Jun 17 '21 16:06 axboe

Here's a first attempt. Let me know if you'd prefer a patch somewhere, not sure what this does to formatting... If it destroys whitespace, probably just use patch -l to ignore that part.

diff --git a/fs/io_uring.c b/fs/io_uring.c
index 46a25a7cb70a..25f72f35902d 100644
--- a/fs/io_uring.c
+++ b/fs/io_uring.c
@@ -108,7 +108,7 @@
 
 #define SQE_VALID_FLAGS	(IOSQE_FIXED_FILE|IOSQE_IO_DRAIN|IOSQE_IO_LINK|	\
 				IOSQE_IO_HARDLINK | IOSQE_ASYNC | \
-				IOSQE_BUFFER_SELECT)
+				IOSQE_BUFFER_SELECT | IOSQE_IGNORE_NONBLOCK)
 
 #define IO_TCTX_REFS_CACHE_NR	(1U << 10)
 
@@ -704,6 +704,7 @@ enum {
 	REQ_F_HARDLINK_BIT	= IOSQE_IO_HARDLINK_BIT,
 	REQ_F_FORCE_ASYNC_BIT	= IOSQE_ASYNC_BIT,
 	REQ_F_BUFFER_SELECT_BIT	= IOSQE_BUFFER_SELECT_BIT,
+	REQ_F_IGNORE_NONBLOCK_BIT	= IOSQE_IGNORE_NONBLOCK_BIT,
 
 	/* first byte is taken by user flags, shift it to not overlap */
 	REQ_F_FAIL_BIT		= 8,
@@ -740,6 +741,8 @@ enum {
 	REQ_F_FORCE_ASYNC	= BIT(REQ_F_FORCE_ASYNC_BIT),
 	/* IOSQE_BUFFER_SELECT */
 	REQ_F_BUFFER_SELECT	= BIT(REQ_F_BUFFER_SELECT_BIT),
+	/* IOSQE_IGNORE_NONBLOCK */
+	REQ_F_IGNORE_NONBLOCK	= BIT(REQ_F_IGNORE_NONBLOCK_BIT),
 
 	/* fail rest of links */
 	REQ_F_FAIL		= BIT(REQ_F_FAIL_BIT),
@@ -2444,6 +2447,15 @@ static bool io_resubmit_prep(struct io_kiocb *req)
 	return true;
 }
 
+/*
+ * Honor REQ_F_NOWAIT only if REQ_F_IGNORE_NONBLOCK isn't set
+ */
+static bool io_req_nowait(struct io_kiocb *req)
+{
+	return (req->flags & (REQ_F_NOWAIT | REQ_F_IGNORE_NONBLOCK)) ==
+		REQ_F_NOWAIT;
+}
+
 static bool io_rw_should_reissue(struct io_kiocb *req)
 {
 	umode_t mode = file_inode(req->file)->i_mode;
@@ -2451,7 +2463,7 @@ static bool io_rw_should_reissue(struct io_kiocb *req)
 
 	if (!S_ISBLK(mode) && !S_ISREG(mode))
 		return false;
-	if ((req->flags & REQ_F_NOWAIT) || (io_wq_current_is_worker() &&
+	if (io_req_nowait(req) || (io_wq_current_is_worker() &&
 	    !(ctx->flags & IORING_SETUP_IOPOLL)))
 		return false;
 	/*
@@ -3223,7 +3235,7 @@ static bool io_rw_should_retry(struct io_kiocb *req)

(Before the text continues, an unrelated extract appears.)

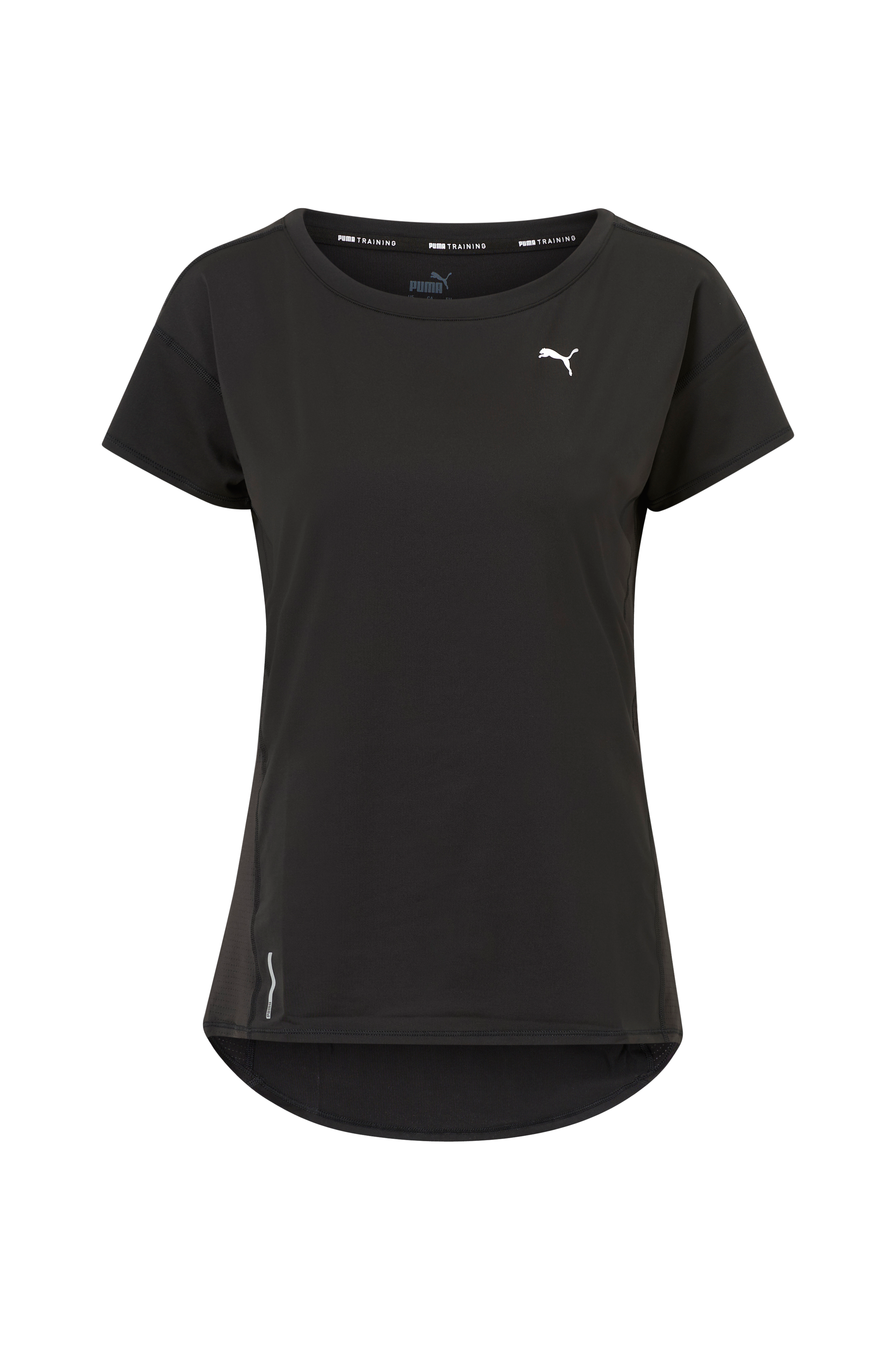 Træningstop i let figursyet model med meshindsatse i siderne. Afrundet kant forneden, som er længere bagpå og korte raglanærmer samt rund hals med lille kant. Hurtigtørrende funktionsmateriale dryCELL som transporterer fugt væk fra huden.

 	struct kiocb *kiocb = &req->rw.kiocb;
 
 	/* never retry for NOWAIT, we just complete with -EAGAIN */
-	if (req->flags & REQ_F_NOWAIT)
+	if (io_req_nowait(req))
 		return false;
 
 	/* Only for buffered IO */
@@ -3303,7 +3315,7 @@ static int io_read(struct io_kiocb *req, unsigned int issue_flags)
 		if (!force_nonblock && !(req->ctx->flags & IORING_SETUP_IOPOLL))
 			goto done;
 		/* no retry on NONBLOCK nor RWF_NOWAIT */
-		if (req->flags & REQ_F_NOWAIT)
+		if (io_req_nowait(req))
 			goto done;
 		/* some cases will consume bytes even on error returns */
 		iov_iter_revert(iter, io_size - iov_iter_count(iter));
@@ -3311,7 +3323,7 @@ static int io_read(struct io_kiocb *req, unsigned int issue_flags)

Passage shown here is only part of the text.